Action item:
From the line containing "There was a" through the last line below, copy every line exactly, leaving out the pictures.

--- Provided material ---

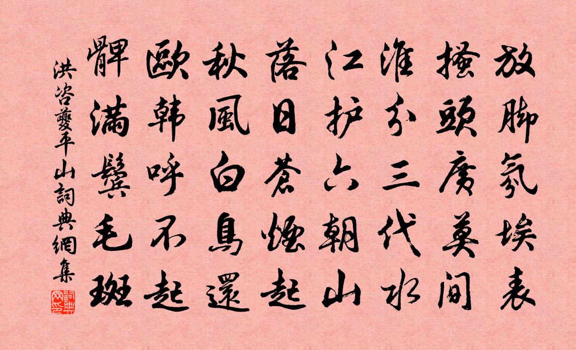 詩詞名句歷史字典書法欣賞書法字典國語詞典說文解字康熙字典古漢語字典標 題 作 者 詩 句 平山作者:洪咨夔 朝代:宋代平山原文放腳氛埃表,搔頭廣莫間。淮分三代水,江護六朝山。落日蒼煙起,秋風白鳥還。歐韓呼不起,髀滿鬢毛斑。詩詞問答問:平山的作者是誰?答:洪咨夔問:平山寫於哪個朝代?答:宋代洪咨夔平山書法欣賞平山書法作品詩詞推薦浴蠶沙溪水一首為上饒陳烈婦作戴表元〔宋代〕浴蠶沙溪水,採桑玉山巔。絲成白稜稜,膠作烈婦弦。烈婦何所言,弦中意 * 。一說鸞影孤,二訴雛巢穿。巢穿荷花楊公遠〔宋代〕竹邊窗外小池塘,青蓋亭亭擁靚妝。莫把仙娥相比擬,合將君子為平章。凋時堪供真人艇,老去猶充楚客裳。幾夜己卯歲值凍阻歸有作齊己〔唐代〕河冰連地凍,朔氣壓春寒。開戶思歸遠,出門移步難。湖雲黏雁重,廟樹颳風乾。坐看孤燈焰,微微向曉殘。鄠杜馬上念漢書(一雲五陵懷古)李商隱〔唐代〕世上蒼龍種,人間武帝孫。小來惟射獵,興罷得乾坤。渭水天開苑,鹹陽地獻原。英靈殊未已,丁傅漸華軒。曉泊丹陽館楊萬里〔宋代〕夕凍朝還積,寒曦暖未多。霜輕猶著草,冰重亦浮河。山盡酣余勢,潮歸殿去波。六朝遺蹟在,故老尚傅麽。感春三首張耒〔宋代〕午日步西園,繁花亂相照。夭夭海棠枝,顧我如欲笑。殷紅點輕素,含吐皆窈窕。持贈東鄰子,願言論久要。送徐鼎夫用廬陵通守博士戴文韻劉克莊〔宋代〕一春風雨郡齋寒,荒了 * 老子壇。吏抱文書排闥至,客攜詩卷退衙看。愁來鏡里絲難梁,老去胸中錦已殘。若棹偈頌十八首釋道璨〔宋代〕秋深夜長,露寒月皎。鐘聲短底短長底長,蟲聲大底小底小。山僧聞昨,展轉反側,不寐到曉。一片祖師心,狼藉酬王督賢良松泉二詩其一泉王安石〔宋代〕宋興古剎今長乾,靈曜喜殿荒檀欒。二泉相望棄不渫,西泉尚絫三石盤。其流散漫為沮洳,稍集小礫生微瀾。車泉柳梢青韓奕〔元代〕過了清明。江□郭外,雲淡煙輕。幾家台沼,萍蕪自綠,殘柳還青。何人樓外吹笙。彷佛□、梨園舊聲。喚起閒愁嘆老陸游〔宋代〕朋儕什九墮丘墟,自笑身如脫綱魚。委命已悲吾道喪,垂名真負此心初。齒殘僅可決濡肉,眼澀知難讀細書。家事謝師恩 答皇親見召王處一〔元代〕三冬凜冽彤雲布。六出飄飛絮。地凍天寒難進步。滿途冰雪,喚回童稚,且向茅庵住。貴州大醮無推訴。必要功圓石虎禮佛圖劉克莊〔宋代〕一虎雖凶暴,其尊孔釋同。矯情饋夫子,合爪禮澄公。漢武帝將候西王母下降曹唐〔唐代〕崑崙凝想最高峰,王母來乘五色龍。歌聽紫鸞猶縹緲,語來青鳥許從容。風回水落三清月,漏苦霜傳五夜鍾。樹影養家苦 贈寧伯功馬鈺〔元代〕養家苦,火坑深。萬塵埋沒不能禁。遇風仙,物外尋。修行好,煉陽陰。淨清能見水中金。現光輝,罩寶岑。懷同舍石天民編修陳傅良〔宋代〕山陰不得見,見期在東陽。東陽忽歲華,欲往又阻長。貽書輒無報,有便復寄將。以君懶於書,我豈望得當。永懷靈準上人院賈島〔唐代〕掩扉當太白,臘數等松椿。禁漏來遙夜,山泉落近鄰。經聲終卷曉,草色幾芽春。海內知名士,交遊準上人。江南憶同雲臣和蘧庵先生韻陳維崧〔清代〕江豚翻碧浪,憑高望極,折戟半沉沙。雞籠山下路,記得鳳城,數十萬人家。貂禪掩映,鐘山翠、疊鼓鳴笳。更參登寧州城樓楊巨源〔唐代〕宋玉本悲秋,今朝更上樓。清波城下去,此意重悠悠。晚菊臨杯思,寒山滿郡愁。故關非內地,一為漢家羞。小亭夜坐即景趙必常〔宋代〕小亭夜坐滌炎蒸,頓覺風清趣已成。數點流螢亭外度,兒童戲逐月邊星。名句推薦庭中有奇樹,綠葉發華滋。佚名《庭中有奇樹》 晨起開門雪滿山,雪晴雲淡日光寒。鄭燮《山中雪後》 凌余陣兮躐余行,左驂殪兮右刃傷。屈原《國殤》 風吹芳蘭折,日沒鳥雀喧。李白《送裴十八圖南歸嵩山二首》 紅粉佳人休使老,風流浪子莫教貧。佚名《增廣賢文·上集》 存科名之心者,未必有琴書之樂王永彬《圍爐夜話·第二六則》 相思一夜窗前夢,奈個人、水隔天遮。王沂孫《高陽台·和周草窗寄越中諸友韻》 青春須早為,豈能長少年。孟郊《勸學》 江山故宅空文藻,雲雨荒台豈夢思。杜甫《詠懷古蹟五首·其二》 露濕晴花春殿香,月明歌吹在昭陽。李益《宮怨》
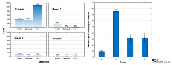 There was a significant difference in the health status of the studied populations (Figure 10 a,b). Group A was the most damaged, and group B wasthe healthiest. Based on 95% confidence intervals of means, there was no difference between groups C and D in the percentage of undamaged rosettes. Group A had the lowest and group B had the highest percentage of undamaged rosettes.
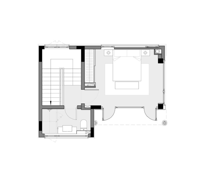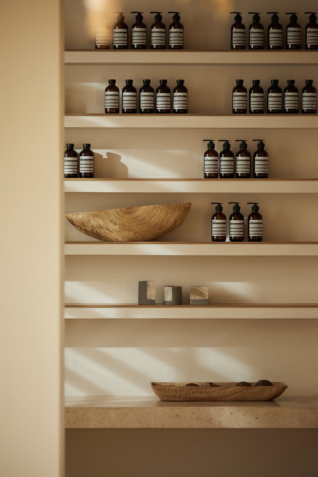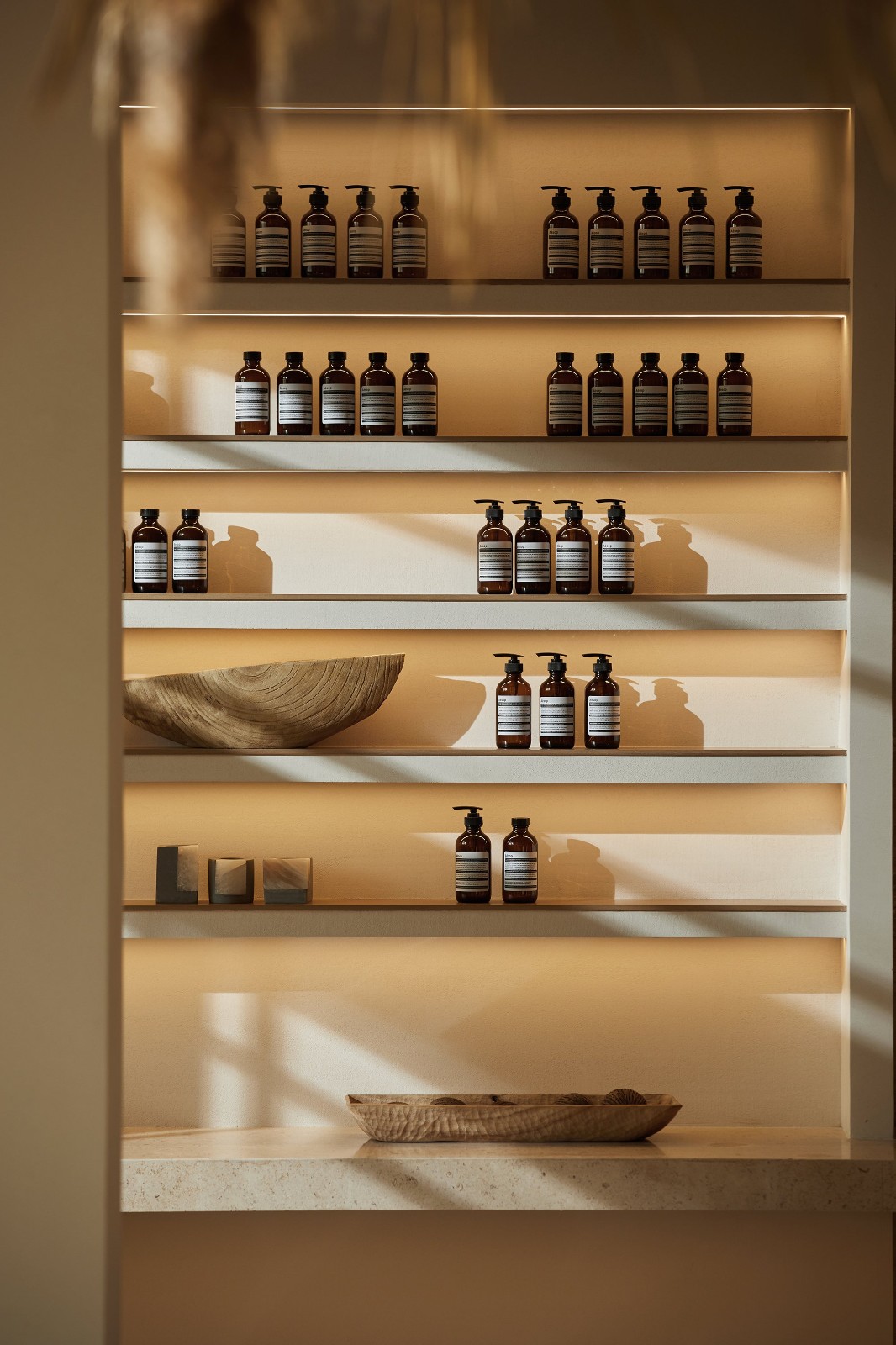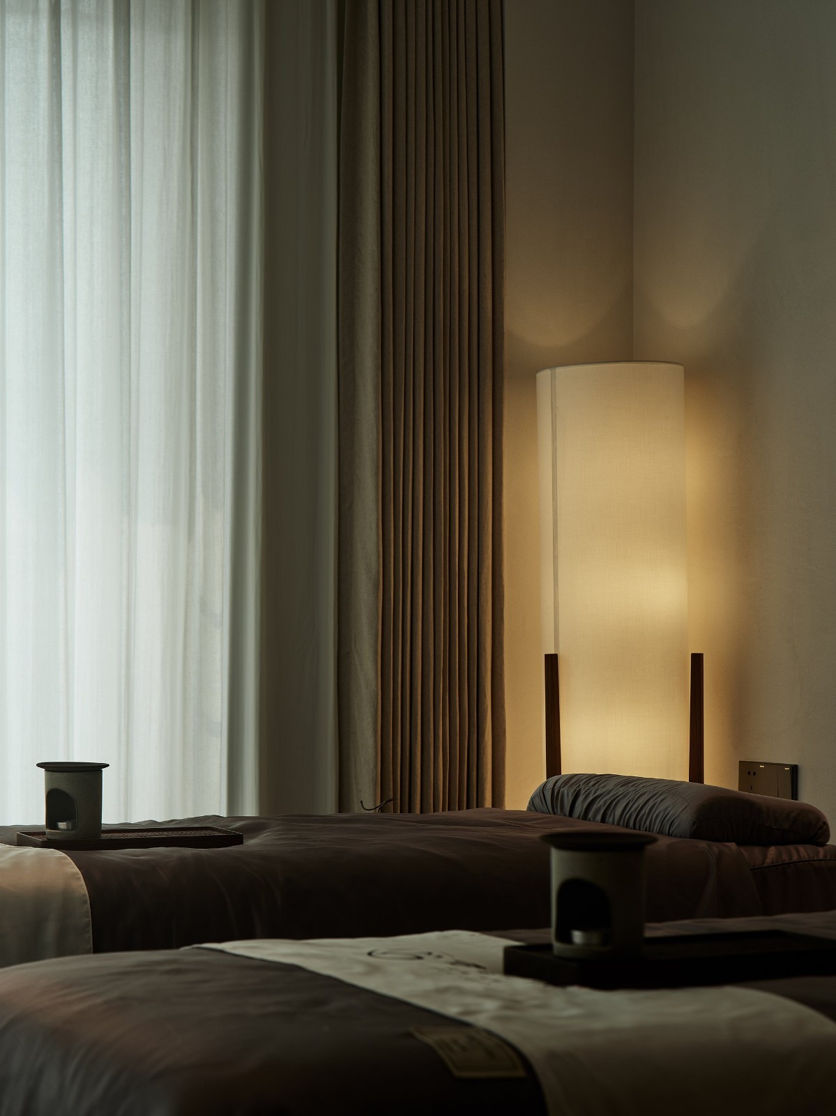 Spa區(qū)和客房采用顏色較深的顏色搭配和光影效果,為在此休息的客人提供一個(gè)舒適的養(yǎng)生場(chǎng)所。從芳香展示區(qū)整體來看,設(shè)計(jì)都嘗試向外界傳達(dá)一種避世、度假、花園、愜意的生活理念。

---

Written solution:
 There was a significant difference in the health status of the studied populations (Figure 10 a,b). Group A was the most damaged, and group B wasthe healthiest. Based on 95% confidence intervals of means, there was no difference between groups C and D in the percentage of undamaged rosettes. Group A had the lowest and group B had the highest percentage of undamaged rosettes.
 Spa區(qū)和客房采用顏色較深的顏色搭配和光影效果,為在此休息的客人提供一個(gè)舒適的養(yǎng)生場(chǎng)所。從芳香展示區(qū)整體來看,設(shè)計(jì)都嘗試向外界傳達(dá)一種避世、度假、花園、愜意的生活理念。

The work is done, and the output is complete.